WHAT YOU SHOULD DO >> Please write out exactly the lines from the opening of the listing through the line that holds "Csavarhúzó + bitek", including both, and nothing else; no pictures.

AVAILABLE DATA >>
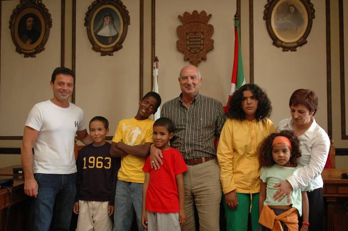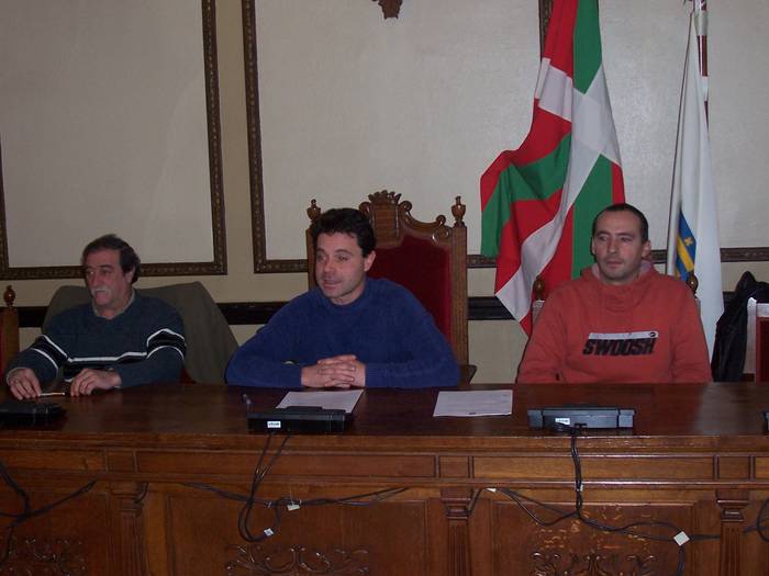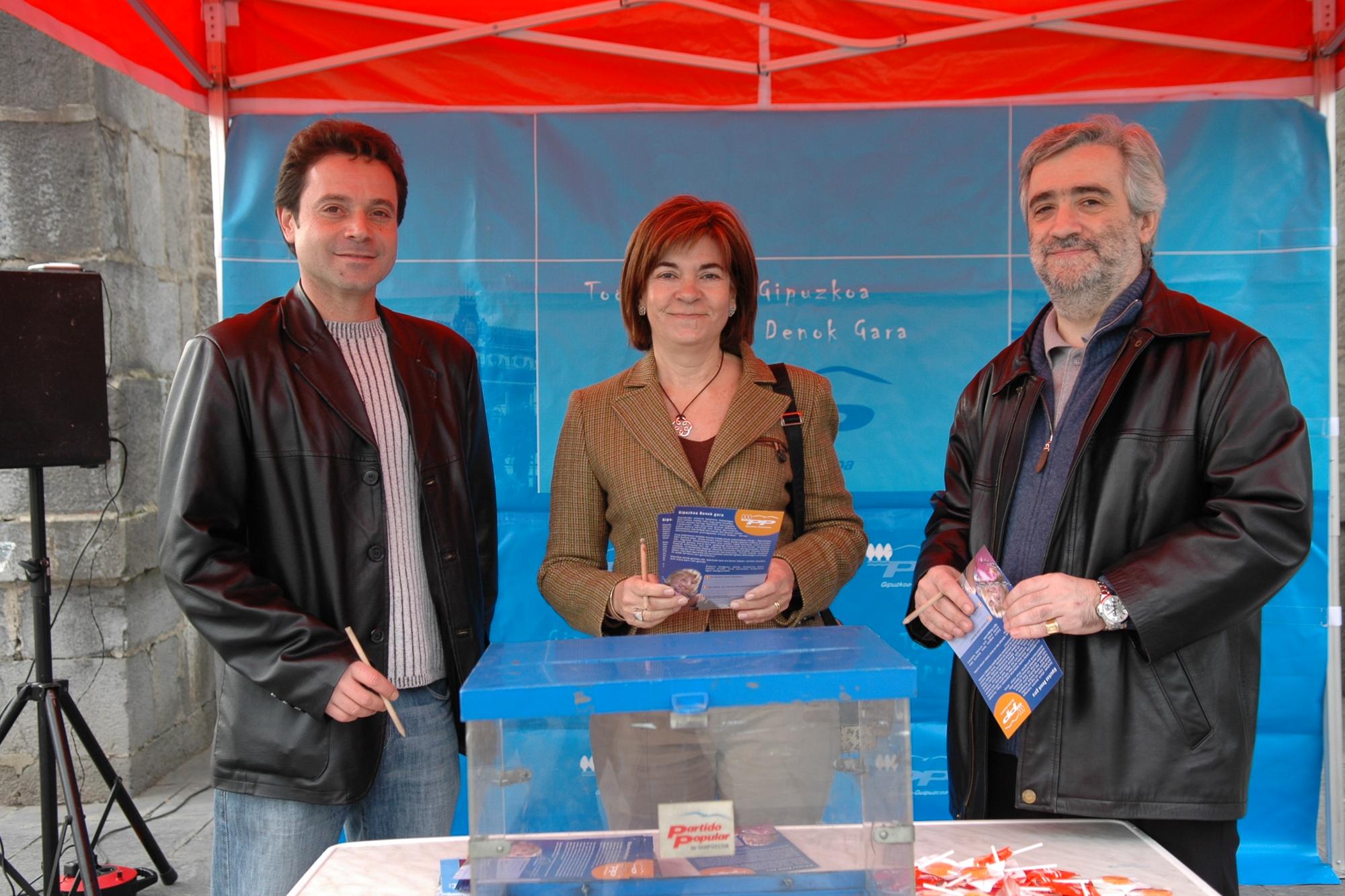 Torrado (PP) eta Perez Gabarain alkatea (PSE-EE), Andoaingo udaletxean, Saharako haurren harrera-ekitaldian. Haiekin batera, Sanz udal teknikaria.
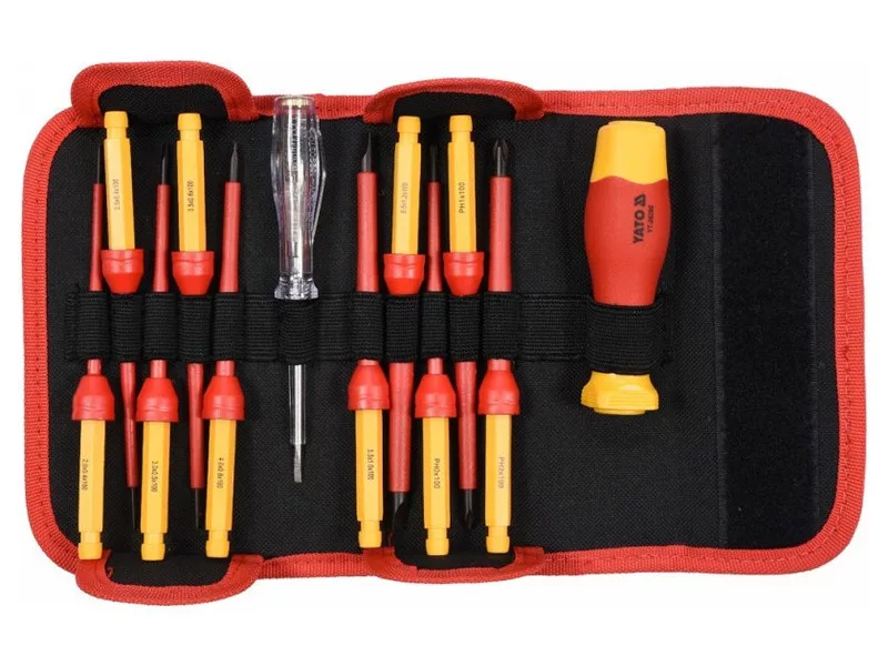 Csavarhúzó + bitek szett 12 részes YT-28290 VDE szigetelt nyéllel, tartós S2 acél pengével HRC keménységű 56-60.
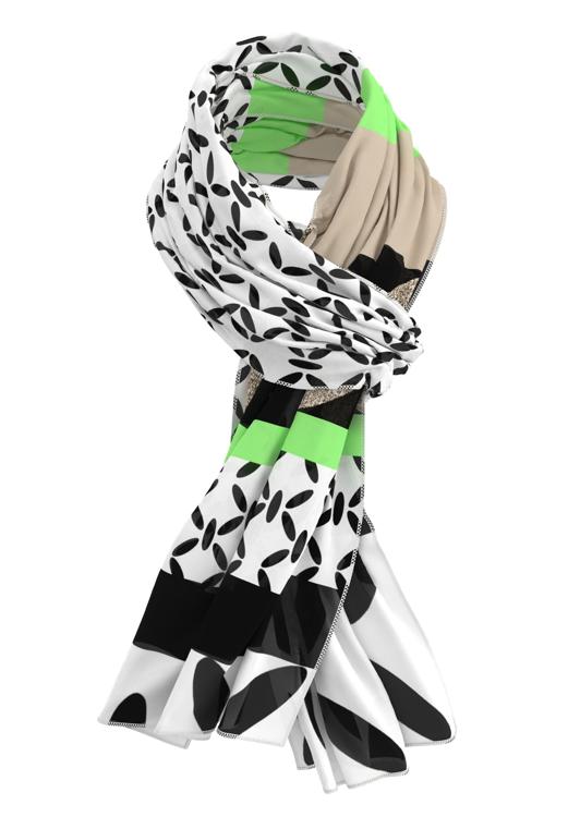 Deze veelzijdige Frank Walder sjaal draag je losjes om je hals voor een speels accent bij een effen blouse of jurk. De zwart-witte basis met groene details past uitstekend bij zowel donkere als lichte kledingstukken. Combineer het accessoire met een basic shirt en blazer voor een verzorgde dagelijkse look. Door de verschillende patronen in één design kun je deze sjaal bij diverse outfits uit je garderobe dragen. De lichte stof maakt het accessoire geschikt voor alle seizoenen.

RESPONSE TO THIS TASK >>
 Torrado (PP) eta Perez Gabarain alkatea (PSE-EE), Andoaingo udaletxean, Saharako haurren harrera-ekitaldian. Haiekin batera, Sanz udal teknikaria.
 Csavarhúzó + bitek szett 12 részes YT-28290 VDE szigetelt nyéllel, tartós S2 acél pengével HRC keménységű 56-60.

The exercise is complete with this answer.